I assume the existence of primitive functions >= and subtract

Adding a feature

Under our new regime, new language features are represented using a Shallow embedding.

The Shallow embedding is a new type

If the Deep embedding cannot represent the new language feature we will have to extend the AST

Options feature

As a warmup we will add conditional values to FunC.

The idea is to mimic provide functionality similar to Haskell's Maybe-type.
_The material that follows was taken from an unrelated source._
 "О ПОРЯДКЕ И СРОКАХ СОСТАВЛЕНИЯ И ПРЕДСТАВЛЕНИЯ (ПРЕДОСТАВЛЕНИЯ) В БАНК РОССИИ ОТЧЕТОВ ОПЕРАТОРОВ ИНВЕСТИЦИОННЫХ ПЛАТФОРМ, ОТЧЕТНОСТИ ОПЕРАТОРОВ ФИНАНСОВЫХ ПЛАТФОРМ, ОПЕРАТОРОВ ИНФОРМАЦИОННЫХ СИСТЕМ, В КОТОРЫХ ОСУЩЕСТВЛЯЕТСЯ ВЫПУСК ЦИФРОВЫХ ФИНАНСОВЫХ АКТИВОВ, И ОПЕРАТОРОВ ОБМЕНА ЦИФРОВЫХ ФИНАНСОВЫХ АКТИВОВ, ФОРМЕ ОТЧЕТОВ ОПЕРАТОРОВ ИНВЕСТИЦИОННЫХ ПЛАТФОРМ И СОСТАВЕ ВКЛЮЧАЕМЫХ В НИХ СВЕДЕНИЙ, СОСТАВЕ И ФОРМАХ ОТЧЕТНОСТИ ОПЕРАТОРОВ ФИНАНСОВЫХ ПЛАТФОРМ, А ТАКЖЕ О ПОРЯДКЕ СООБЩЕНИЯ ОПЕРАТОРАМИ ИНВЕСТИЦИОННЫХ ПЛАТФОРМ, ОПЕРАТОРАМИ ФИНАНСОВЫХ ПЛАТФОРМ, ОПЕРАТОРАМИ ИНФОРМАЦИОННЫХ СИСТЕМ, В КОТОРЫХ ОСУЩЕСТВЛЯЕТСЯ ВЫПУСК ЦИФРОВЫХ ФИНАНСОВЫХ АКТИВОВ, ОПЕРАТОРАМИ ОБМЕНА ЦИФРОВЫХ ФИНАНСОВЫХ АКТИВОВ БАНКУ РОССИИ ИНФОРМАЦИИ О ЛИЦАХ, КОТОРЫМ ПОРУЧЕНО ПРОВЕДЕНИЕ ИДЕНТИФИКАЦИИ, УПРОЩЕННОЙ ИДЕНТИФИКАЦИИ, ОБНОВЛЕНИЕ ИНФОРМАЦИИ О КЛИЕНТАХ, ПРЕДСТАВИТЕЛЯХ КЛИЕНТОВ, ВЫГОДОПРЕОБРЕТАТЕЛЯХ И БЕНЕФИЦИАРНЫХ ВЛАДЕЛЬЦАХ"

data Maybe a = Just a | Nothing

Option embedding

data Option a = Option { isSome   :: FunC Bool
                       , fromSome :: a
                       }

instance Syntactic a => Syntactic (Option a) where
  type Internal (Option a) = (Bool,Internal a)
  fromFunC m = Option (Fst m) (Snd m)
  toFunC (Option b a) = Pair b a

The name Option comes from O`Caml and is chosen so as to not collide with any Haskell type.
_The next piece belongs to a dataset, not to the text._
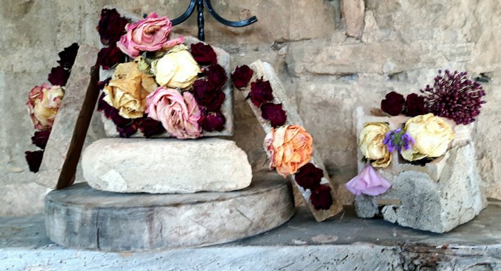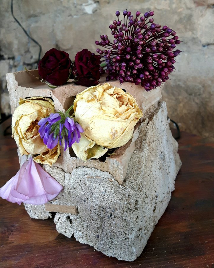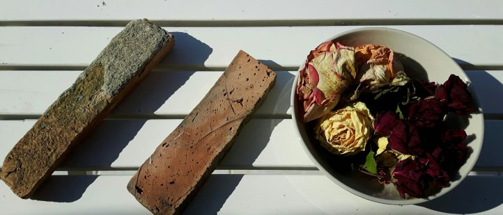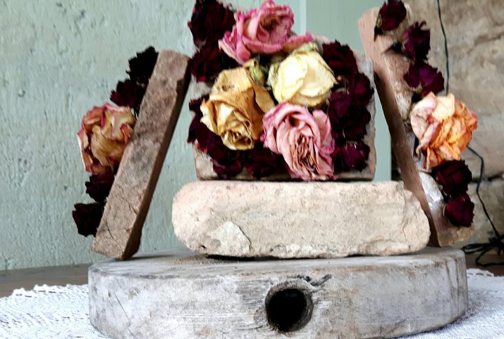Now a small explanation. I love old stones and broken bricks and old wood and dried (dead) flowers. So I thought if I put them all together what could possibly go wrong!
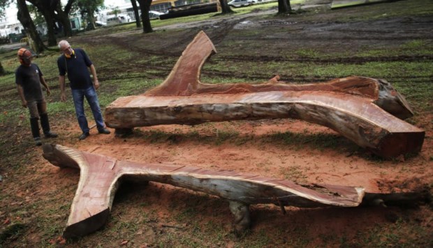 Foram várias as árvores derrubadas pelas tempestades em São Paulo. O que fazer com elas? O gaúcho Hugo França está a transformá-las em peças de mobiliário urbano.

Operations on Option - 1st attempt

some :: a -> Option a
some a = Option true a

none :: Option a
none = Option false ?

How can we define none?

We need a notion of undefined values!

Extending the deep embedding with undefined values

data FunC
  ...
  Undef :: FunC a
  ...

eval (Undef) = undefined

undef :: Syntactic a => a
undef = fromFunC Undef

Operations on Option

some :: a -> Option a
some a = Option true a

none :: Syntactic a => Option a
none = Option false undef

option :: (Syntactic a, Syntactic b) => 
          b -> (a -> b) -> Option a -> b
option noneCase someCase opt = ifC (isSome opt)
       	                           (someCase (fromSome opt))
                                   noneCase

instance Functor Option where
  fmap f (Option b a) = Option b (f a)

instance Monad Option where
  return a  = some a
  opt >>= k = b { isSome = isSome opt ? (isSome b, false) }
    where b = k (fromSome opt)

Example program

Assuming the following operation

divO :: FunC Int -> FunC Int -> Option (FunC Int)

We can use Haskell's overloaded do-notation

divTest :: FunC Int -> FunC Int -> FunC Int -> Option (FunC Int)
divTest a b c = do r1 <- divO a b
                   r2 <- divO a c
                   return (a+b)

The resulting AST is a sequence of if-expressions.

Vector feature

Our FunC language is rather impoverished at the moment and at the very minimum we will require arrays.

In our addition we will distinguish between arrays and vectors

  • Arrays will be our Deep representation
  • Vectors will be our Shallow representation

The idea is that programmers should not worry about Arrays but only program with Vectors.

Vector feature - arrays

As our Deep representation we have arrays.

data FunC a where
  ...
  Arr   :: FunC Int -> (FunC Int -> FunC a) -> FunC (Array Int a)
  ...

eval (Arr l ixf) = listArray (0,lm1) $
                   [ (eval $ ixf $ value i) | i  <- [0..lm1]]
  where lm1  = eval l - 1

len :: FunC (Array Int a) -> FunC Int
len (Arr l _) = l

(+!+) :: FunC (Array Int a) -> FunC Int -> a
Arr _ f +!+ ix = f ix

This is a popular representation for arrays. Can be traced back to Pan

Arrays will be stored in memory

Each element is computed independently; the whole array can be computed in parallel

Vectors cont.

As our Shallow embedding we have the type Vector

data Vector a where
  Indexed :: FunC Int -> (FunC Int -> a) -> Vector a

instance Syntactic a => Syntactic (Vector a) where
  type Internal (Vector a) = Array Int (Internal a)
  toFunC (Indexed l ixf)   = Arr l (toFunC . ixf)
  fromFunC arr = Indexed (len arr) (\ix -> arr +!+ ix)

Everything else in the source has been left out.